HERMES: Human-to-Robot Embodied Learning from Multi-Source Motion Data for Mobile Dexterous Manipulation

Resources
- Paper
Introduction
- Humans continuously create bimanual manipulation data
- Data targets robots with grippers, failing to generalize to dexterous hands
- Interaction between robotic hands + manipulation objects usually omitted
- Recent approaches use RL to learn motion strategies under guidance of reference trajectories
  - Usually draw on limited human motion data
  - Oftentimes has not been transferred to real world
  - Current sim2real require full knowledge over object and robot state
    - Fails to achieve end-to-end visual learning
- HERMES: Embodied learning framework for bimanual dexterous hand manipulation
  - Diverse sources of human motion
    - Teleop, Mocap, Video
  - End2end vision-based sim2real transfer
    - Uses DAgger distillation to convert state-based expert policies into vision-based student policies
    - Introduce generalized object-centric depth augmentation + hybrid control
  - Mobile manipulation
    - Gives robots mobile manipulation skills
    - Uses RGB-D for localization
    - Task modeled as a Perspective-n-Point (PnP) problem addressed through iterative process
System Design
- Hardware Design
  - X1 mobile base, two 6-DoF Galaxea A1 arms, and two OYMotion 6-DoF dexterous hands
  - RealSense L515 to capture RGBD observations
  - RERVISION Fisheye camera for navigation
- Simulation Design
  - Use MuJoCo + MJX
  - Actuation range of joints matches real robot
  - Use Mujoco’s closed chain mechanisms to model DoFs without motors (i.e., fingers)

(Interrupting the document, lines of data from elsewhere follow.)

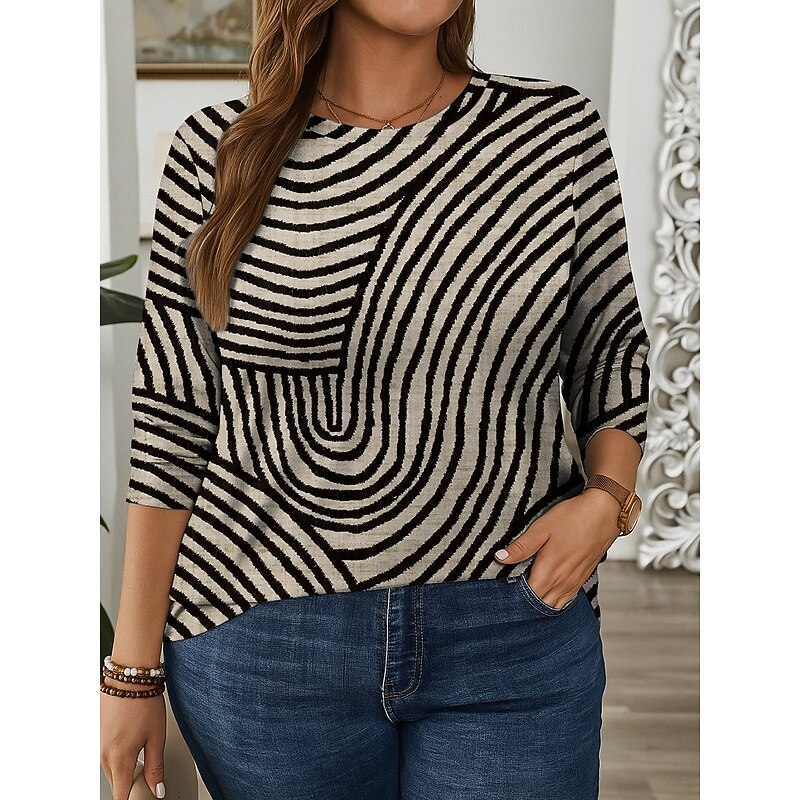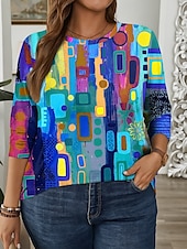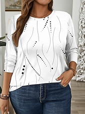 More information about Women's Plus Size Tops T Shirt Graphic Geometry Print Long Sleeve Crew Neck Casual Daily Polyester Fall Winter White Blue
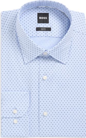 Tailored from crisp cotton and patterned in small, neat geometries, this pale-blue dress shirt features a touch of stretch to keep you moving comfortably day and night. Machine-washable and easy to care for, it makes a smart addition to your semiformal and all-season wardrobes.
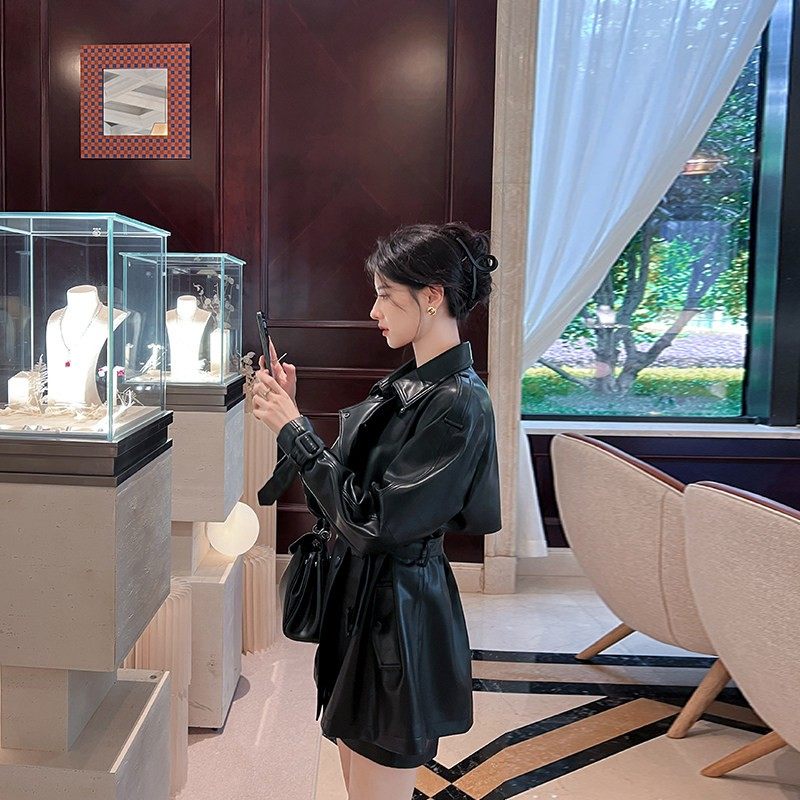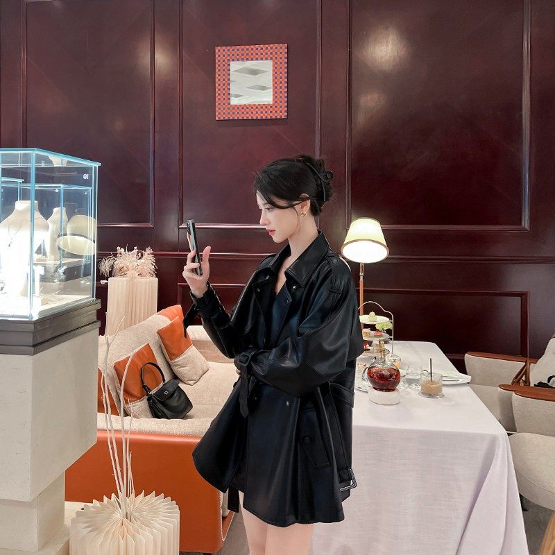 黑色pu皮风衣外套女2025春秋新款韩系高级感宽松休闲收腰气质大衣
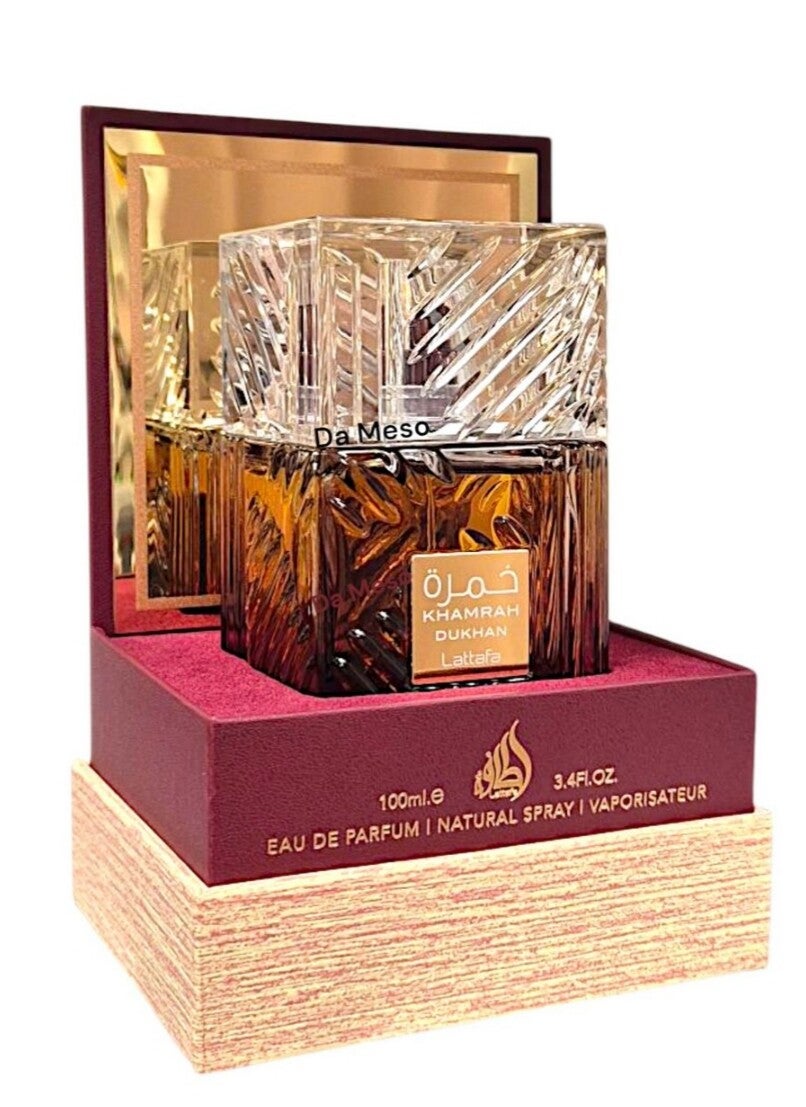 Khamrah Dukhan – Die Verkörperung von Rauch und Raffinesse Khamrah Dukhan, benannt nach dem arabischen Wort für „Rauch“, ist eine Hommage an die uralte Kunst des Parfümrauchens im Nahen Osten. Diese moderne Interpretation eines traditionellen Rituals entfaltet eine hypnotische Komposition, die Tiefe, Bewegung und verführerische Intensität vereint.
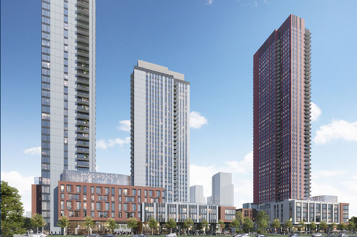 Oxford Properties Group, and designed by Quadrangle Architects, Brimley Road will include approximately 1.2 million sq.ft. in three towers of 32, 41, and 50 storeys. Situated
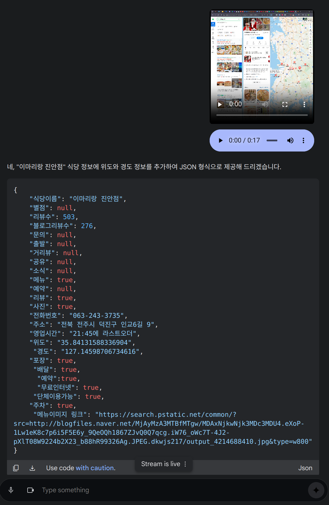 Google AI Studio 활용 사례: 네이버 지도에서 식당 정보 추출하기
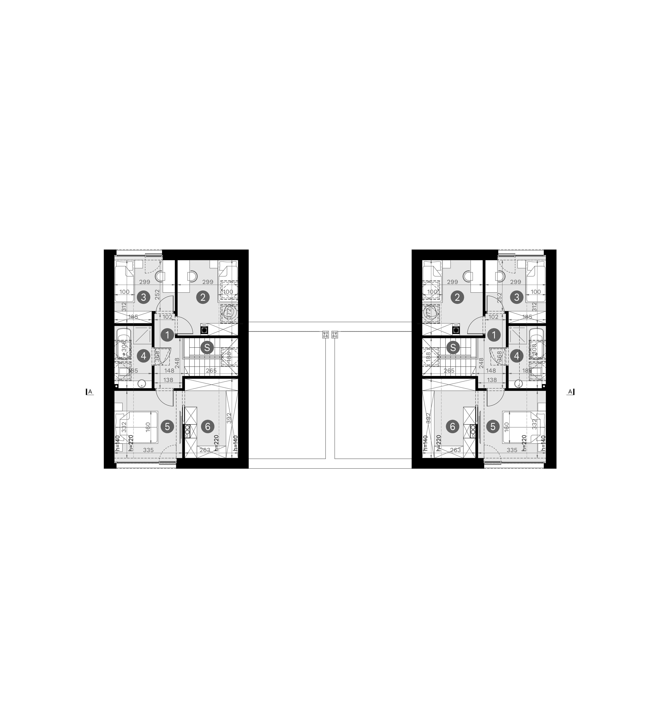- rzuty poziome poszczególnych kondygnacji (parter, poddasze lub piętro),
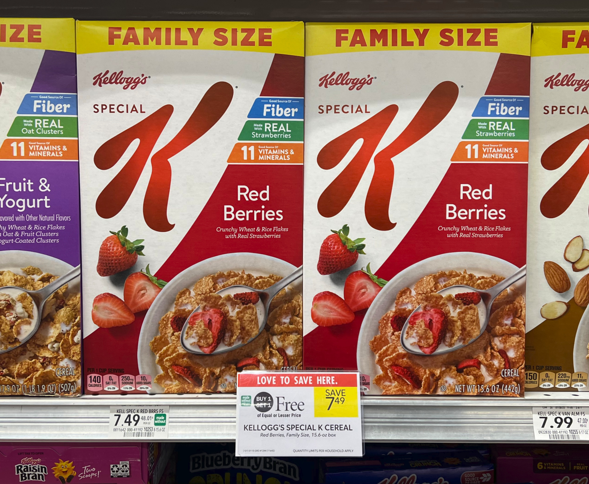 Kellogg’s Special K Cereal, Family Size, 15.6 to 18 oz box, BOGO $7.49 – $7.99
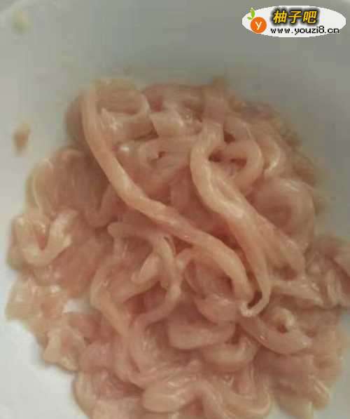 3将鸡胸肉切成细丝,用淀粉抓均匀后,热油下锅煸炒至变色后,捞出备用。
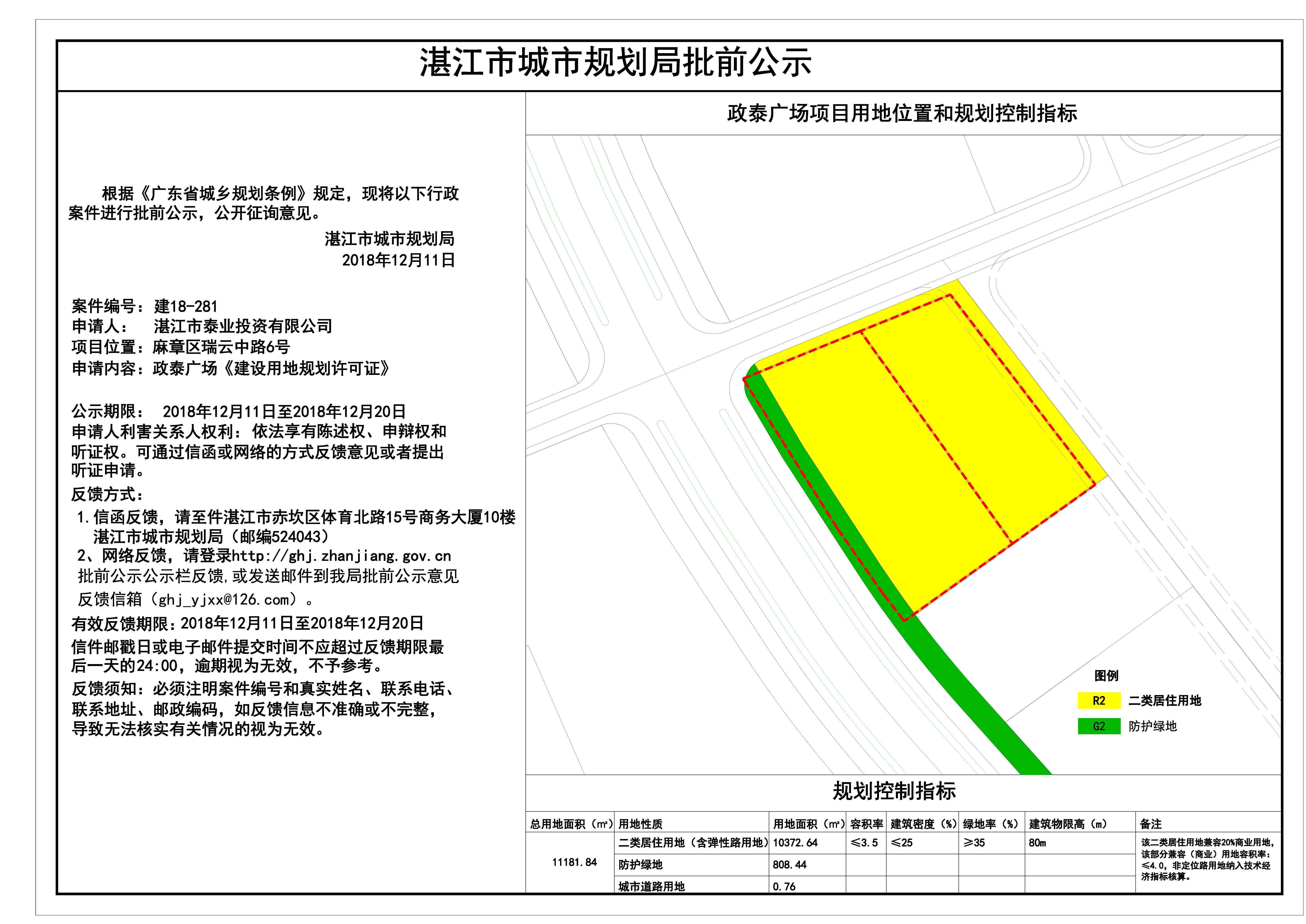 政泰广场《建设用地规划许可证》批前公示
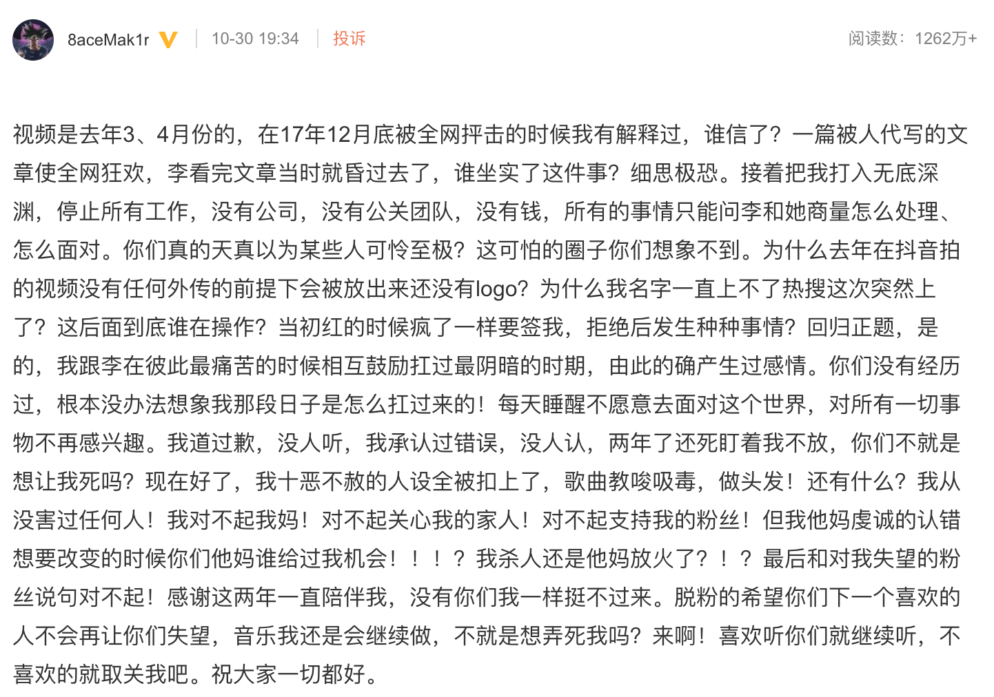 10月30日晚间,一条李小璐和PGone合拍的视频在网络上引起争议。傍晚7点,PGone发表长文回应,称该视频拍摄于去年3、4月,是在“没有任何外传”的前提下被流露出去,且视频在抖音拍摄,但流出来的版本却没有抖音logo,言下之意有暗示视频是从抖音后台泄漏。
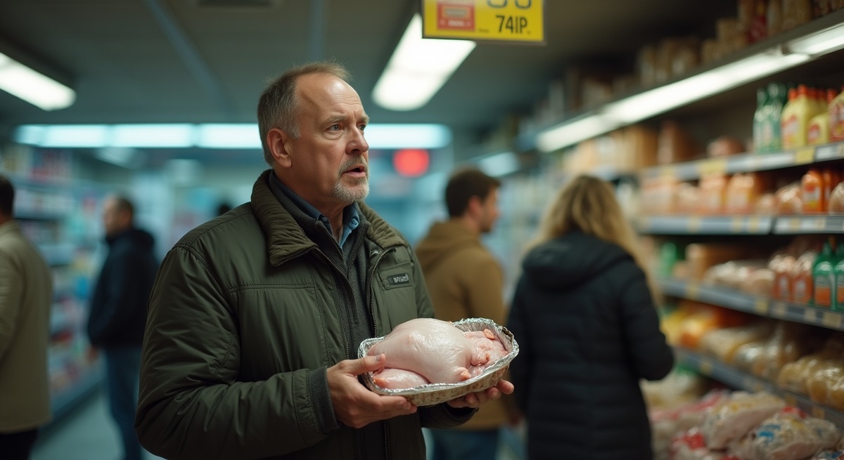 Первый тревожный звоночек был тихим: на полке под лотками с курицей висел ценник, от которого, как он признался, у него «перехватило дыхание». Цена за килограмм выглядела как сумма, которую он обычно оставляет за три-четыре позиции. Мужчина аккуратно взял упаковку, переложил в другую руку, будто проверяя вес, и вгляделся в этикетку. По словам очевидцев, он пошел к сканеру самообслуживания — вдруг ценник не тот? Сканер показал еще выше. Он вернулся к полке, перелистал лотки, посмотрел, не перепутали ли сорт, клеймо, дату, иногда это бывает. Сердце у него колотилось: «Да ну, не может быть», — пробормотал он, а рядом уже начали останавливаться люди, переговариваться: «Видели? Вы видели? Это что вообще?»
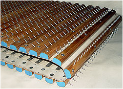 The spiked lattices are manufactured from laminated high density compressed wood for more durability. The lags are fitted with specially designed large headed steel refits for more strengths .heavy duty belts are used to protect the contact between pulleys and refits for longer life of lattices. The carbon steel pins which are used in these lattices are made up with special care to maintain the quality and longer production life and be coated for permanent protection from corrosion.
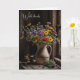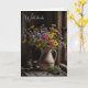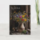 Buquê de flor silvestre colorido em um velho jarro, perto de uma janela de uma fazenda para te obrigado. Todo texto é editável.
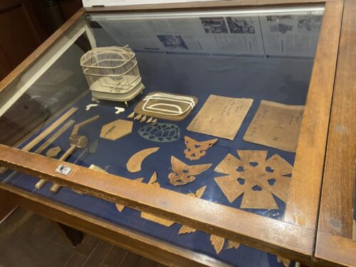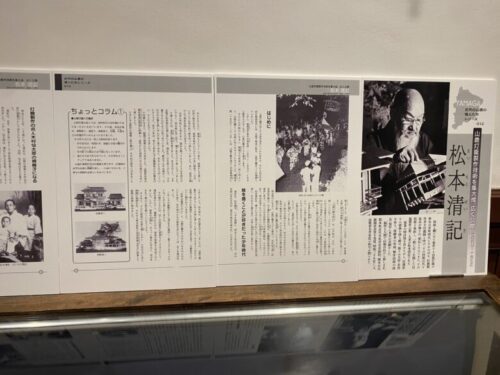 山鹿灯籠の制作製技術を集大成、広く公開した松本精記(1880~1973)の紹介と、当時実際に使われていた山鹿灯籠制作に関する資料が展示されています。
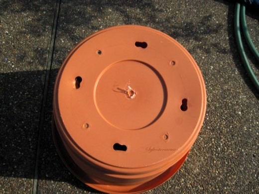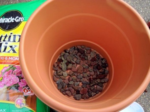 If holes are not pre-drilled in the containers, I start by drilling 3 holes in the bottom of the pot. I always start with a layer of rocks in the bottom of my containers to help drainage and to avoid root rot.
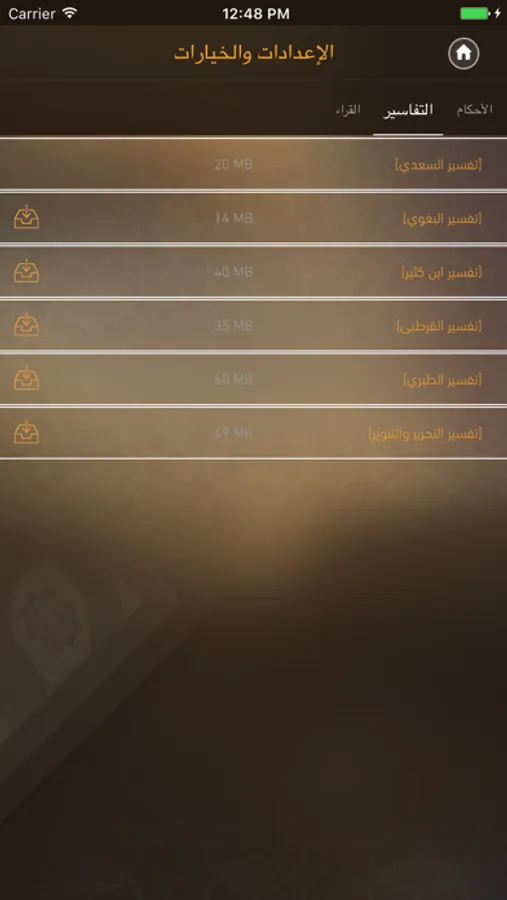 - يمكنك استعراض القرآن الكريم من خلال واصل التلاوة (التي تنقلك إلى آخر موضع قمت بإغلاق التطبيق وأنت تقوم بمطالعته) أو الفواصل (وهو الموضع الذي حددته أنت للوقوف عليه)
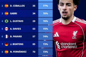 體育資訊3月18日訊 德國轉(zhuǎn)會市場盤點(diǎn)了1992-93賽季歐冠改制以來,至少出戰(zhàn)25場比賽的球員勝率情況,利物浦的柯蒂斯·瓊斯以80%的勝率居首。
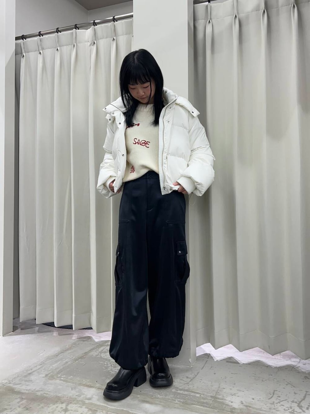 SENSE OF PLACEシャイニーカットカーゴパンツ- 着用カラー:
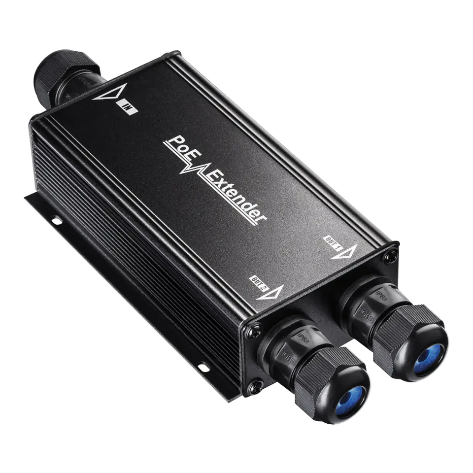The POE+ extender has Gigabit ports (10/100/100 Mbps) on the input and output. Thanks to this, you can get data transmission at the highest level. The device can also be mounted on the wall with screws. The Plug & Play function is very useful here - just connect the cables and tighten the sealing nuts.

  - Use equality constraint feature in MuJoCo
  - Approximate geometry using primitive shapes for collisions
Reinforcement Learning Method
- Task Formulation
  - Standard RL MDP Formulation
  - Use reference trajectory as the goal, $\mathcal{G}$
  - State includes proprioception info ($s^p$) and goal state ($s^g$)
  - Reward is a function of both states
- Collect One-shot Human Motion
  - 3 sources of human motion
    - Teleop in sim
    - MoCap
    - Hand object poses from raw video
  - Can use single human reference to get generalizable policy without need for extensive demonstrations
  - Teleop
    - Use apple vision pro to get hand poses + arm movements
  - MoCap
    - Retargeting data to robot hands is hard; use RL to learn behavior
    - Use the OakInk2 dataset
  - Arm + Hand poses from video
    - Use WiLoR to detect hands in video + extract 2D keypoints + corresponding 3D counterpart
    - Select stable keypoints for estimation
      - Wrist + metacarpophalangeal joints
    - Spatial translation of wrist is estimated by solving perspective-n-point problem
      - Palm orientation derived by fitting 3d plane to selected 3d points
    - Use FoundationPose to estimate object pose from video
  - Synthesize Multiple Trajectories
    - Trajectory augmentation by randomizing positions + orientations in predefined range
      - $\hat{A}^{pose}[\tau_k] = T^{trans} \cdot A^{pose}[\tau_k]$
      - Apply transformation matrix to alter pose
    - Enables spatial generalization (avoids need for more demonstrations)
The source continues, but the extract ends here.